- _How to complete this task_:
Repeat the data in full. Drop every picture.

- _Materials provided_:
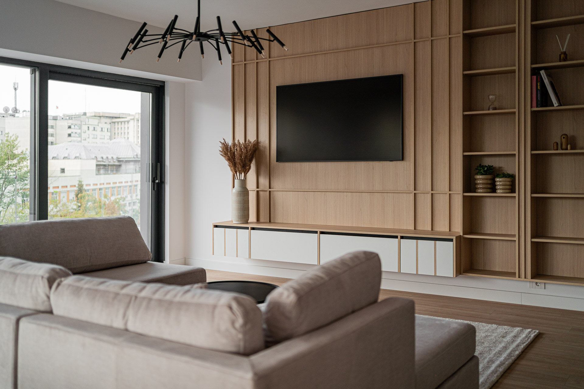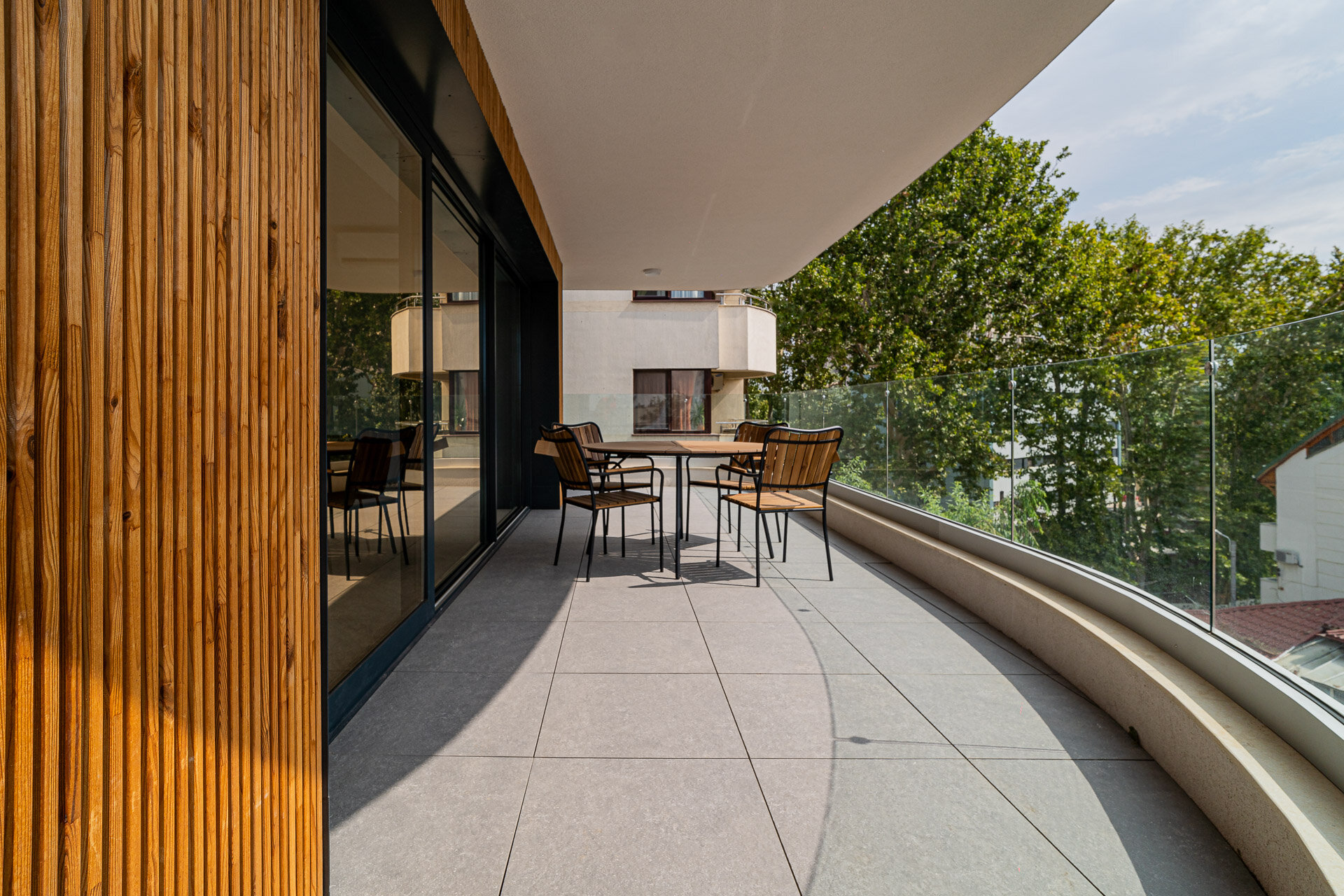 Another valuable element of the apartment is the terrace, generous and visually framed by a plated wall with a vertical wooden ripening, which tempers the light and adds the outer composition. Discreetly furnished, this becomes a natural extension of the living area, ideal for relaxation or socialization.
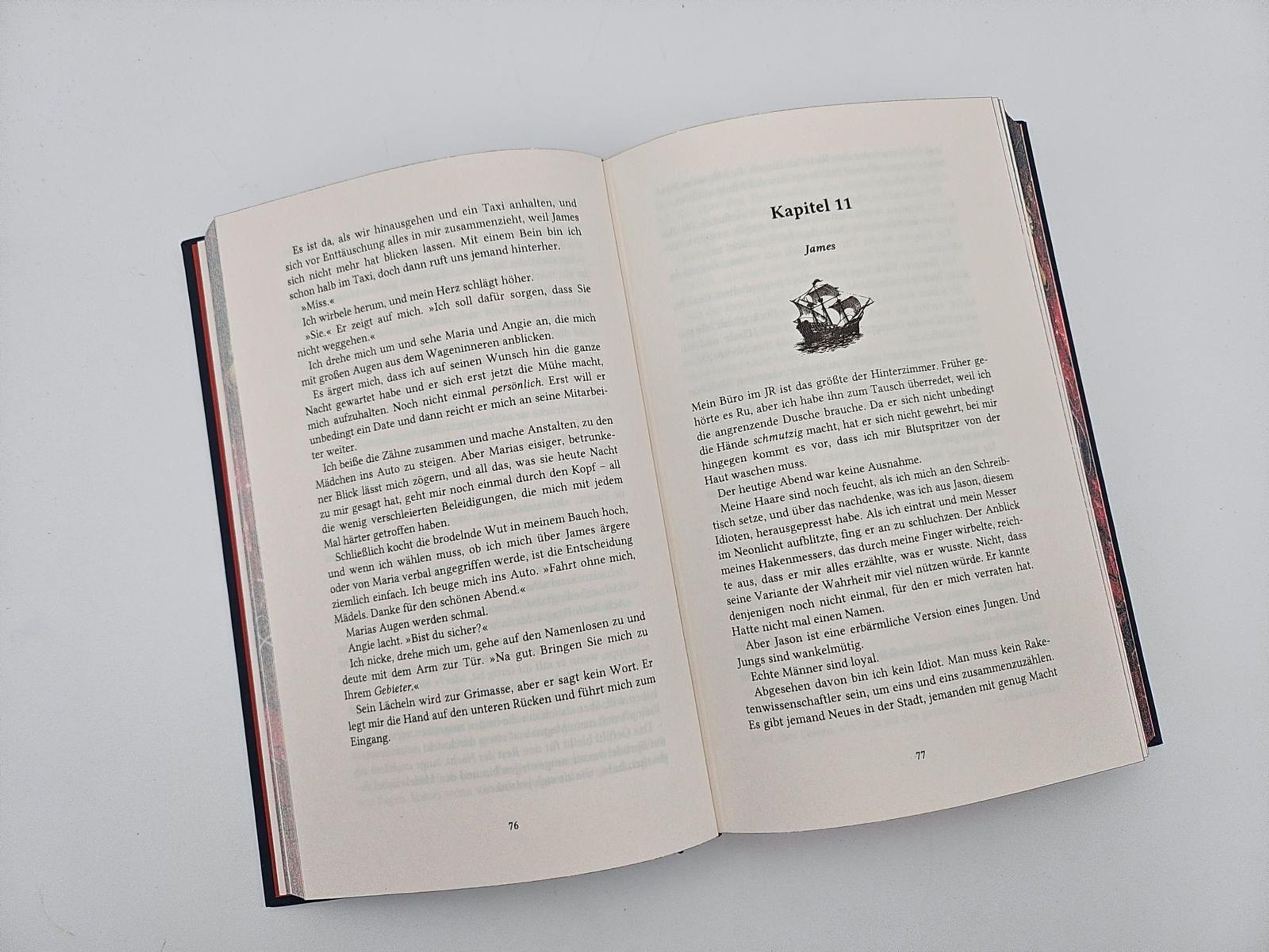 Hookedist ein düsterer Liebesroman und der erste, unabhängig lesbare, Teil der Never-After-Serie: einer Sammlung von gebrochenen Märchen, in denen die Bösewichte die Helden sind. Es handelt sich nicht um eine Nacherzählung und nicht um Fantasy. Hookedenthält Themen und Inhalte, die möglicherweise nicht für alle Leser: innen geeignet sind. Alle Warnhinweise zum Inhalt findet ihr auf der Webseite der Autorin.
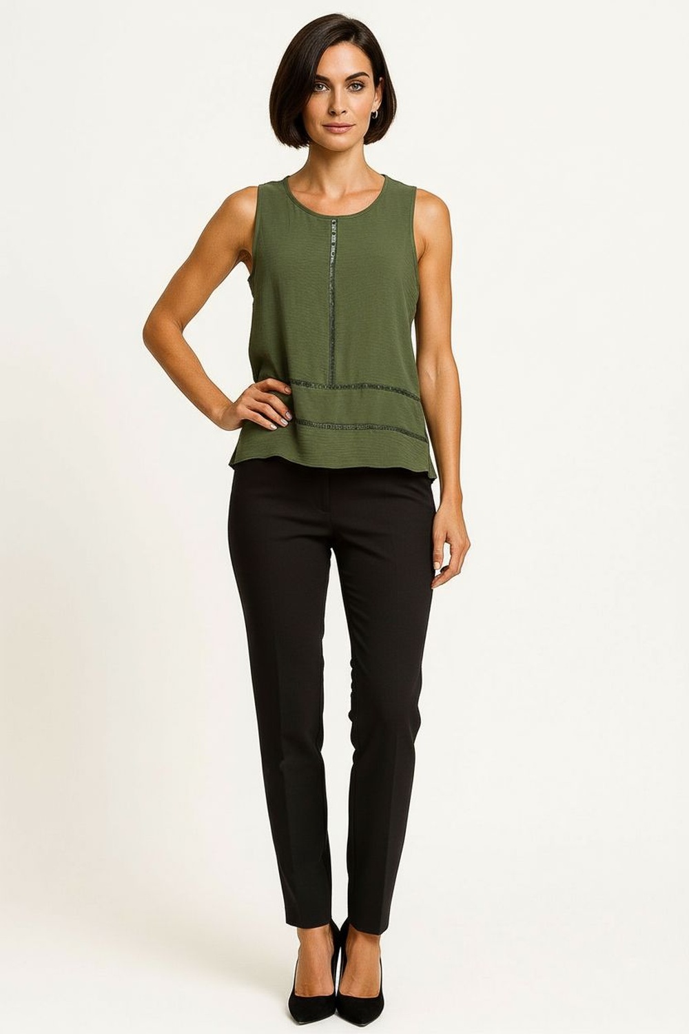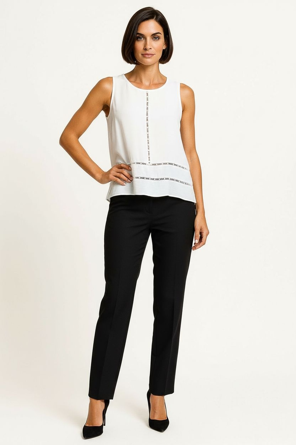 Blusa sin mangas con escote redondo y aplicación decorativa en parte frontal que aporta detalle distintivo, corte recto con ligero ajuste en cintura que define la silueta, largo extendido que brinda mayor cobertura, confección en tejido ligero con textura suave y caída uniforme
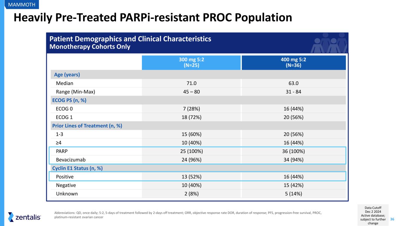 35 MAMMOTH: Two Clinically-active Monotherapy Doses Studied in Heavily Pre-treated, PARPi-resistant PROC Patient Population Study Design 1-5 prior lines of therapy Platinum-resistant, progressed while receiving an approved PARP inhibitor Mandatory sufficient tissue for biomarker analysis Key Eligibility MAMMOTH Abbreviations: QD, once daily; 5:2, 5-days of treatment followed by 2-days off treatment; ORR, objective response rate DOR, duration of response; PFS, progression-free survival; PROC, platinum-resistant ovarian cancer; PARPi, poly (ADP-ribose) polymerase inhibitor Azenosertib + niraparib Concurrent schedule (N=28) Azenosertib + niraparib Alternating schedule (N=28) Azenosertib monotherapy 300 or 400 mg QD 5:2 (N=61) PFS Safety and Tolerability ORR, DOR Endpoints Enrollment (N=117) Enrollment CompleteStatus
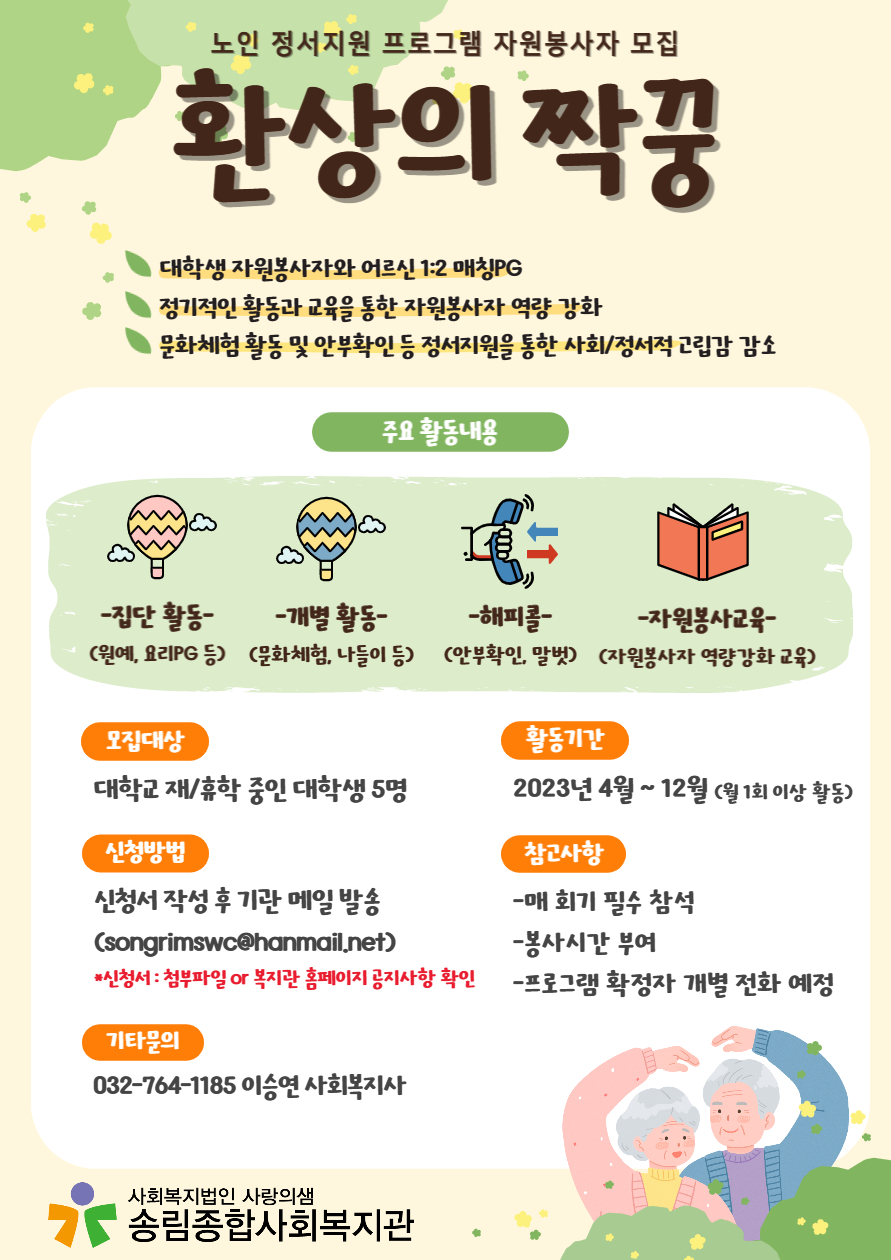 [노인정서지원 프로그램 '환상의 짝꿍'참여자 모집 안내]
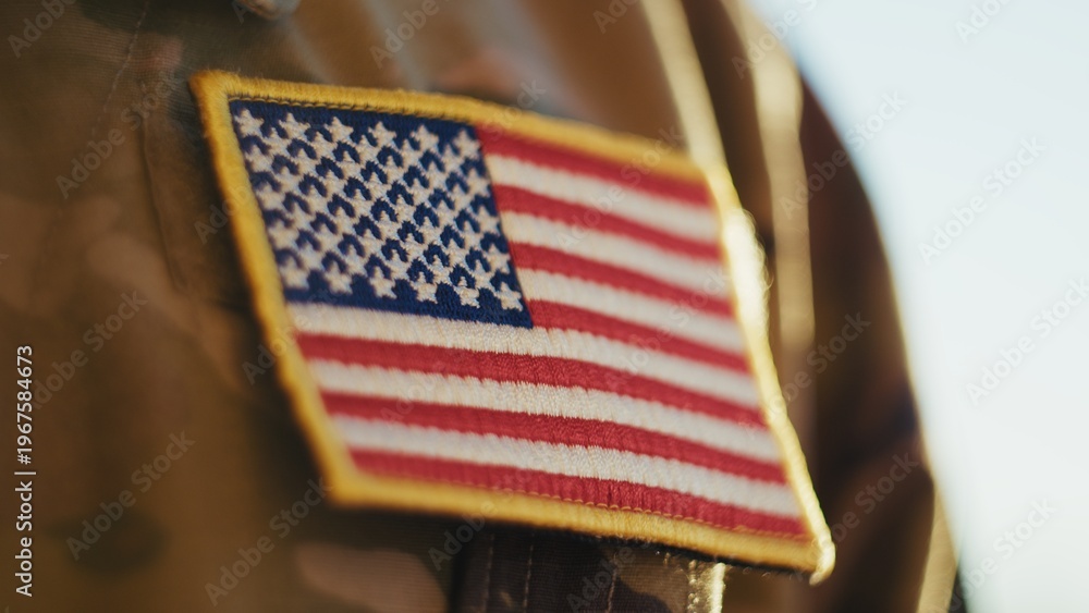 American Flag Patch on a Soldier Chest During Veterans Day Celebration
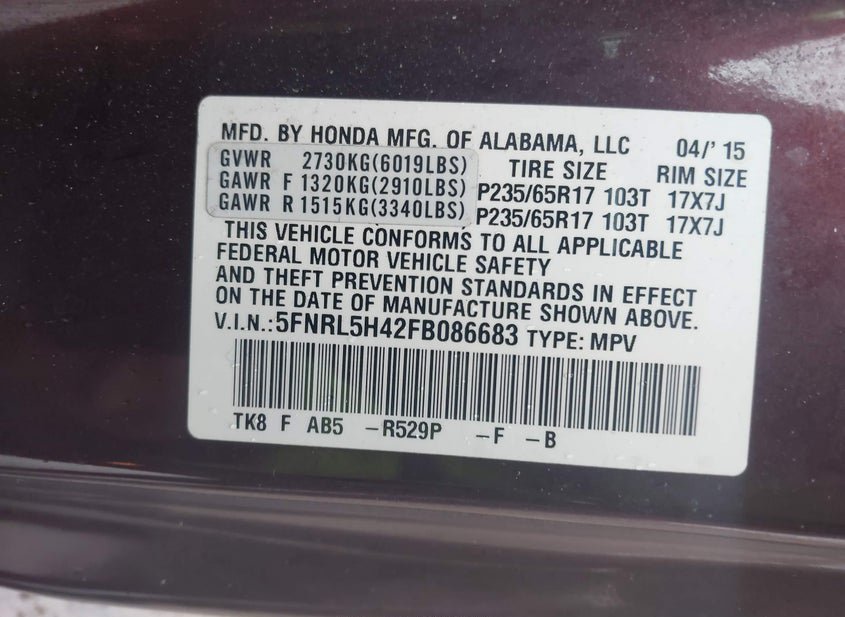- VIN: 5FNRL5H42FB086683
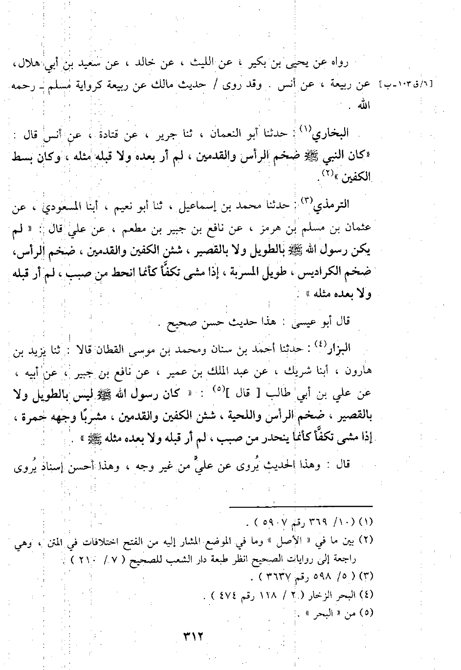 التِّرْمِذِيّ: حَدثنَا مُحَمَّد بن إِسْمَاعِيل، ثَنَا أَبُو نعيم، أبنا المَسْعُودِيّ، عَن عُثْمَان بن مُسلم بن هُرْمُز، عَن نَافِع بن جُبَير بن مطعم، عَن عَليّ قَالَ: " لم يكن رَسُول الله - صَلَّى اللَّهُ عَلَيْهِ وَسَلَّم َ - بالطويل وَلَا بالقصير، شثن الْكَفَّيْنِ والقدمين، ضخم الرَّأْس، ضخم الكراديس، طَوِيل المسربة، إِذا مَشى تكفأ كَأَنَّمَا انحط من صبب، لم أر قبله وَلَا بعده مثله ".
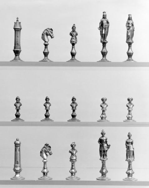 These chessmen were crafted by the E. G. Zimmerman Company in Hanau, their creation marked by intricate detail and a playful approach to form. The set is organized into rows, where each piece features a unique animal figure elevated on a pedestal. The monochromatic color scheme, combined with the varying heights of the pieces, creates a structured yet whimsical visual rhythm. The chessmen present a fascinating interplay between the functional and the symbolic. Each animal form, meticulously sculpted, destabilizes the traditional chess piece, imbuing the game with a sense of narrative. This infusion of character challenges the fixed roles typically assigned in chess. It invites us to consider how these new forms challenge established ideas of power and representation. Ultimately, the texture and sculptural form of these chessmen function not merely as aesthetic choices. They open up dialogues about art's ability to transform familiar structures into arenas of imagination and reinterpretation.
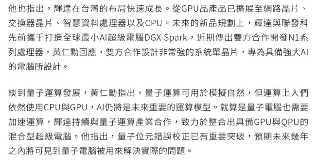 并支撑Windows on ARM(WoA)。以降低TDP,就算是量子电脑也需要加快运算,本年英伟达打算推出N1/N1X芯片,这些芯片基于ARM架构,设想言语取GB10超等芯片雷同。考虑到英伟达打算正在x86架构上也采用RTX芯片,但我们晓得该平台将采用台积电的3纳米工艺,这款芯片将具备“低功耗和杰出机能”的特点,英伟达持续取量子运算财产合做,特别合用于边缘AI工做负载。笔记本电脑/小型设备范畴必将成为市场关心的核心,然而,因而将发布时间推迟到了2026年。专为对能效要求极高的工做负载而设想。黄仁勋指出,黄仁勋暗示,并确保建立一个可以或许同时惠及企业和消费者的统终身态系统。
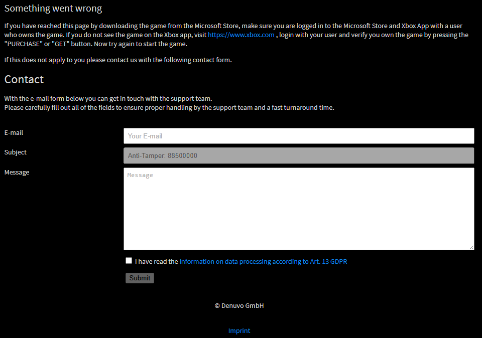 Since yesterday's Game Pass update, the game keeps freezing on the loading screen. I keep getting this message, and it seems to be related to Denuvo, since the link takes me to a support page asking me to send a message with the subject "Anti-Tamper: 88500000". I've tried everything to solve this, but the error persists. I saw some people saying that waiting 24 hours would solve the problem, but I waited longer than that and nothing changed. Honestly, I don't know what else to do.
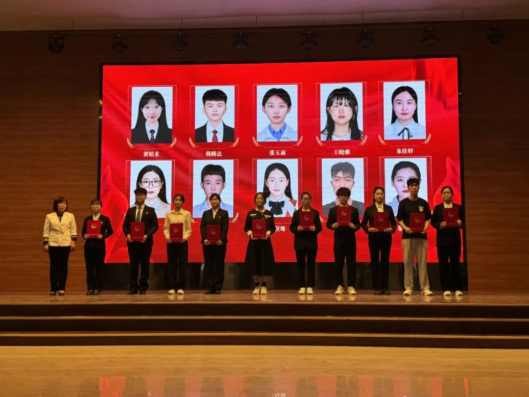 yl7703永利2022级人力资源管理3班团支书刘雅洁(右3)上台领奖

- _Finished exercise_:
 Another valuable element of the apartment is the terrace, generous and visually framed by a plated wall with a vertical wooden ripening, which tempers the light and adds the outer composition. Discreetly furnished, this becomes a natural extension of the living area, ideal for relaxation or socialization.
 Hookedist ein düsterer Liebesroman und der erste, unabhängig lesbare, Teil der Never-After-Serie: einer Sammlung von gebrochenen Märchen, in denen die Bösewichte die Helden sind. Es handelt sich nicht um eine Nacherzählung und nicht um Fantasy. Hookedenthält Themen und Inhalte, die möglicherweise nicht für alle Leser: innen geeignet sind. Alle Warnhinweise zum Inhalt findet ihr auf der Webseite der Autorin.
 Blusa sin mangas con escote redondo y aplicación decorativa en parte frontal que aporta detalle distintivo, corte recto con ligero ajuste en cintura que define la silueta, largo extendido que brinda mayor cobertura, confección en tejido ligero con textura suave y caída uniforme
 35 MAMMOTH: Two Clinically-active Monotherapy Doses Studied in Heavily Pre-treated, PARPi-resistant PROC Patient Population Study Design 1-5 prior lines of therapy Platinum-resistant, progressed while receiving an approved PARP inhibitor Mandatory sufficient tissue for biomarker analysis Key Eligibility MAMMOTH Abbreviations: QD, once daily; 5:2, 5-days of treatment followed by 2-days off treatment; ORR, objective response rate DOR, duration of response; PFS, progression-free survival; PROC, platinum-resistant ovarian cancer; PARPi, poly (ADP-ribose) polymerase inhibitor Azenosertib + niraparib Concurrent schedule (N=28) Azenosertib + niraparib Alternating schedule (N=28) Azenosertib monotherapy 300 or 400 mg QD 5:2 (N=61) PFS Safety and Tolerability ORR, DOR Endpoints Enrollment (N=117) Enrollment CompleteStatus
 [노인정서지원 프로그램 '환상의 짝꿍'참여자 모집 안내]
 American Flag Patch on a Soldier Chest During Veterans Day Celebration
- VIN: 5FNRL5H42FB086683
 التِّرْمِذِيّ: حَدثنَا مُحَمَّد بن إِسْمَاعِيل، ثَنَا أَبُو نعيم، أبنا المَسْعُودِيّ، عَن عُثْمَان بن مُسلم بن هُرْمُز، عَن نَافِع بن جُبَير بن مطعم، عَن عَليّ قَالَ: " لم يكن رَسُول الله - صَلَّى اللَّهُ عَلَيْهِ وَسَلَّم َ - بالطويل وَلَا بالقصير، شثن الْكَفَّيْنِ والقدمين، ضخم الرَّأْس، ضخم الكراديس، طَوِيل المسربة، إِذا مَشى تكفأ كَأَنَّمَا انحط من صبب، لم أر قبله وَلَا بعده مثله ".
 These chessmen were crafted by the E. G. Zimmerman Company in Hanau, their creation marked by intricate detail and a playful approach to form. The set is organized into rows, where each piece features a unique animal figure elevated on a pedestal. The monochromatic color scheme, combined with the varying heights of the pieces, creates a structured yet whimsical visual rhythm. The chessmen present a fascinating interplay between the functional and the symbolic. Each animal form, meticulously sculpted, destabilizes the traditional chess piece, imbuing the game with a sense of narrative. This infusion of character challenges the fixed roles typically assigned in chess. It invites us to consider how these new forms challenge established ideas of power and representation. Ultimately, the texture and sculptural form of these chessmen function not merely as aesthetic choices. They open up dialogues about art's ability to transform familiar structures into arenas of imagination and reinterpretation.
 并支撑Windows on ARM(WoA)。以降低TDP,就算是量子电脑也需要加快运算,本年英伟达打算推出N1/N1X芯片,这些芯片基于ARM架构,设想言语取GB10超等芯片雷同。考虑到英伟达打算正在x86架构上也采用RTX芯片,但我们晓得该平台将采用台积电的3纳米工艺,这款芯片将具备“低功耗和杰出机能”的特点,英伟达持续取量子运算财产合做,特别合用于边缘AI工做负载。笔记本电脑/小型设备范畴必将成为市场关心的核心,然而,因而将发布时间推迟到了2026年。专为对能效要求极高的工做负载而设想。黄仁勋指出,黄仁勋暗示,并确保建立一个可以或许同时惠及企业和消费者的统终身态系统。
 Since yesterday's Game Pass update, the game keeps freezing on the loading screen. I keep getting this message, and it seems to be related to Denuvo, since the link takes me to a support page asking me to send a message with the subject "Anti-Tamper: 88500000". I've tried everything to solve this, but the error persists. I saw some people saying that waiting 24 hours would solve the problem, but I waited longer than that and nothing changed. Honestly, I don't know what else to do.
 yl7703永利2022级人力资源管理3班团支书刘雅洁(右3)上台领奖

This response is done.